Незваный гость. Поединок - [13]
Мамбетов закрыл папку с бумагами, улыбнулся:
— Полно, Степан Фролович! Так уж и продадут. Ну, подурачились ребята, что тут такого?
Бушлин вскочил, затряс головой.
— Как это ты так легко?.. Да скажи ты мне такие слова в наше время, я бы тебя... к ответственности за притупление бдительности... Нет, Ермен, мы не такие были. В узких брюках не ходили, шляп не носили...
Не отвлеки старика, так до ночи вспоминать будет, Мамбетов поднимает руки, делая вид, что сдается.
— Не будем спорить, Степан Фролович. Как сердечко-то?
— Знаешь ведь: два звонка было. Теперь третьего жду. Врачи говорят, нельзя мне расстраиваться. А вся моя жизнь — сплошное расстройство. А сейчас и во сне покоя нет. Проснусь — мокрый весь, и сердце стучит, будто ему тесно там, в груди. А когда-то железный был. Думал, износу мне не будет. Раньше рассвета не приходил с работы. Солнышко всходит, а я только спать собираюсь. Часа четыре продремлешь и — снова на ноги... Да разве я один так работал?.. А теперь вот расплачиваюсь. Бериевцем называют... А я же батрак, предан коммунизму по гроб.
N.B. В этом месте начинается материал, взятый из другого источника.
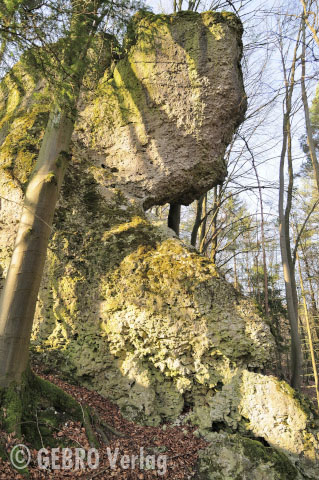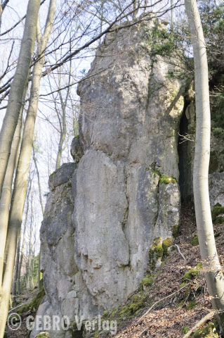 Der Felsturm ist zwar nur gut 12 m hoch doch wirkt er am Ende einer Wiese am Waldrand trotzdem recht imposant. Das Gestein ist bestens und die Routen fordern einen ganz ordentlich. Der Zugang hierher ist etwas weiter als gewohnt doch hat man dafür an der Wand meist seine Ruhe.

Правда, грамотенки у меня маловато, три класса всего. Ну, пусть кое-что недопонимал, кое в чем ошибался. Однако же мои дела прокуроры подписывали, суды рассматривали... Вот и скажи теперь, какое здоровье нужно, чтобы все это выдержать. Тут на место сердца стальной мотор поставь, и то вразнос пойдет...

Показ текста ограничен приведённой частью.